In the entries below, copy only the lines from the one that contains "MacBook Air A1465です。" through the last line, exactly, and omit any pictures.

Entries taken from a collection -

_ _ _ _ _

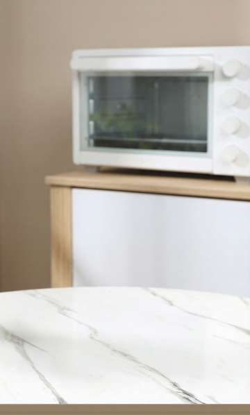 极简主义风格台面设计,纯净白色台面搭配白色背景墙,右上角放置透明玻璃花瓶,瓶中插有黄绿色系植物,柔和自然光从左上角斜射,在墙面和台面上形成清晰的几何条状光影,整体色调以白色、浅灰色和黄绿色为主,配色简洁明快,画面构图平衡,光线柔和,营造出宁静、干净、通透的氛围,台面下方可见浅灰色柜体的局部。
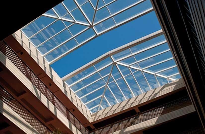 An architectural glass roof system that opens and closes to allow natural light and ventilation.
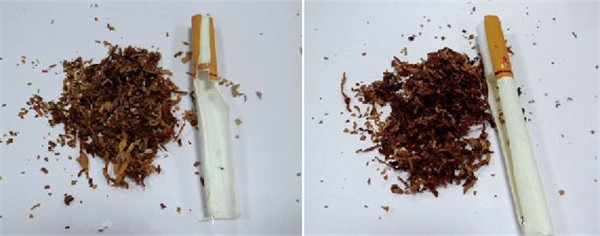 通过整体的烟丝结构差异对比:真品烟丝均是从醇化好的“红花大金元”烟叶中手工甄选出千分之一,成为“云烟(大重九)”的主原料,从源头到工艺的“四级调香”体系,形成了独具特色的津甜香,切丝宽度均匀一致且无其他杂质;假烟从原料到烟丝结构均无法达到真品烟丝成色及掺配比例,假烟烟丝杂质较多,与真品烟丝结构存在明显差异。(左真右假)
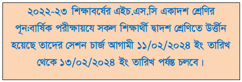 | 178 | ২০২২-২৩ শিক্ষাবর্ষের এইচ.এস.সি একাদশ শ্রেণির পূন: বার্ষিক পরীক্ষায় উর্ত্তীন শিক্ষার্থীদের সেশন চার্জ আগামী ১১/০২/২৪ ইং তারিখ থেকে ১৩/০২/২৪ ইং তারিখ পর্যন্ত চলেবে। | 2024-02-08 | ডাউনলোড | দেখুন |
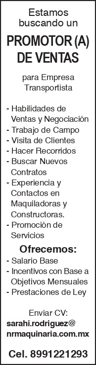 estamos buscando un *promotor (a) de ventas para empresa transportista -habilidades de ventas y negociacion -trabajo de campo -visita de clientes -hacer recorridos -buscar nuevos contratos -experiencia y contactos en maquiladoras y constructoras. promocion de servicios ofrecemos: -salario base -incentivos con base a objetivos mensuales -prestaciones de ley enviar cv: sarahi.rodriguez@nrmaquinaria.com.mx cel. 8991221293
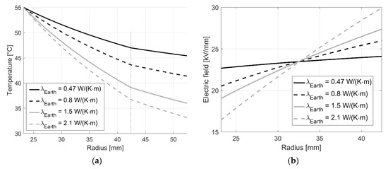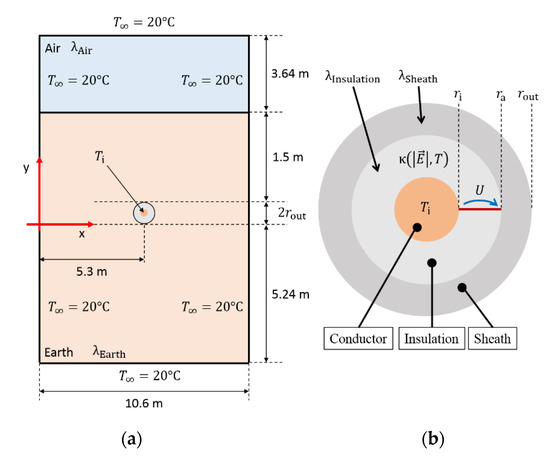 where the constants κ0 and α are equal to (6), but the electric field dependency is determined by the constants ERef and v. Considering a cable geometry, as depicted in Figure 1b, the approximations ERef = U∙exp(−1)/(ra − ri) and v = U∙β/(ra − ri), with ri as the radius of the conductor and ra as the radius of the sheath, hold true [25,26,30].
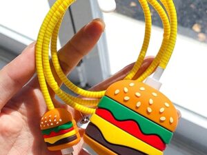 Meyaar Silicone Protective Case for Apple 20W & 18W iPhone USB-C Power Adapter Charger and for USB Lightning Cable, 3D Cartoon Case for iPhone Charger 18W/20W Only (Burger)
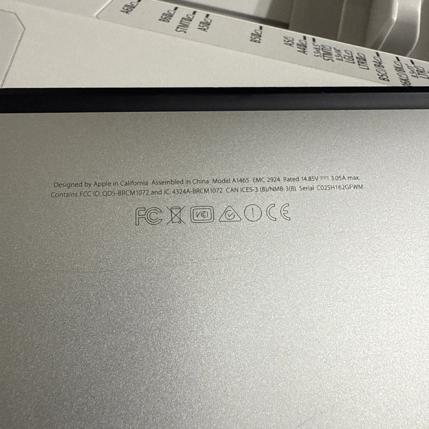 MacBook Air A1465です。 CPU:Core i5 1.3GHz メモリ容量:4GB ストレージ容量:128GB OS: Monterey 12.76 画面サイズ:11.6型 光学ドライブ:無し 無線LAN:有り 画像に写っているものが全てです。 バッテリーが劣化している為、常時ケーブルを接続して使用しておりました。 背面と底面に薄い凹みがございます。 中古品になりますので、ご理解いただける方のみご購入をお願い致します。 シリーズ···Macbook Air Air/モデル···Early 2015 Intel Core i5 ご不明点はお気軽にお問い合わ せください。
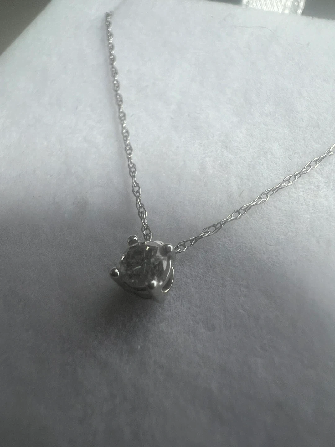 Selling a lovely 10K white gold necklace with a solitaire diamond pendant 0.15 carat It's a classic and elegant piece that would make a wonderful addition to any jewelry collection
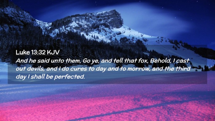 And he said unto them, Go ye, and tell that fox, Behold, I cast out devils, and I do cures to day and to morrow, and the third day I shall be perfected.
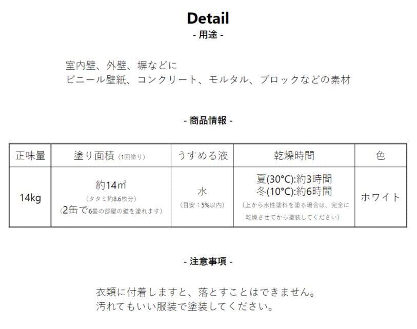 塗り面積(1回塗り)約14平方メートル(タタミ約8.5枚分)。
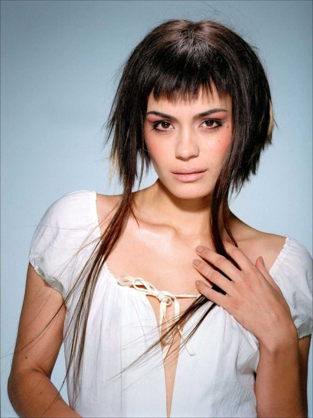 В классическом исполнении стрижется без челки, с удлинением к нижнему слою. Отлично сочетается с косой или рваной челкой. Идеально ровная и густая как у Клеопатры челка в этой стрижке смотреться не будет.
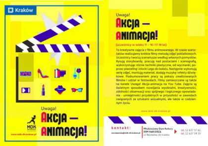 To kreatywne zajęcia z filmu animowanego tradycyjną metodą zdjęć poklatkowych. Uczestnicy tworzą własne scenariusze, rysują storyboardy, wykonują elementy scenografii, bohaterów. Wykorzystują różne techniki plastyczne, od wycinanki, poprzez plastelinę, kolaż, pikselację.

_ _ _ _ _

PROBLEM SOLUTION -
 MacBook Air A1465です。 CPU:Core i5 1.3GHz メモリ容量:4GB ストレージ容量:128GB OS: Monterey 12.76 画面サイズ:11.6型 光学ドライブ:無し 無線LAN:有り 画像に写っているものが全てです。 バッテリーが劣化している為、常時ケーブルを接続して使用しておりました。 背面と底面に薄い凹みがございます。 中古品になりますので、ご理解いただける方のみご購入をお願い致します。 シリーズ···Macbook Air Air/モデル···Early 2015 Intel Core i5 ご不明点はお気軽にお問い合わ せください。
 Selling a lovely 10K white gold necklace with a solitaire diamond pendant 0.15 carat It's a classic and elegant piece that would make a wonderful addition to any jewelry collection
 And he said unto them, Go ye, and tell that fox, Behold, I cast out devils, and I do cures to day and to morrow, and the third day I shall be perfected.
 塗り面積(1回塗り)約14平方メートル(タタミ約8.5枚分)。
 В классическом исполнении стрижется без челки, с удлинением к нижнему слою. Отлично сочетается с косой или рваной челкой. Идеально ровная и густая как у Клеопатры челка в этой стрижке смотреться не будет.
 To kreatywne zajęcia z filmu animowanego tradycyjną metodą zdjęć poklatkowych. Uczestnicy tworzą własne scenariusze, rysują storyboardy, wykonują elementy scenografii, bohaterów. Wykorzystują różne techniki plastyczne, od wycinanki, poprzez plastelinę, kolaż, pikselację.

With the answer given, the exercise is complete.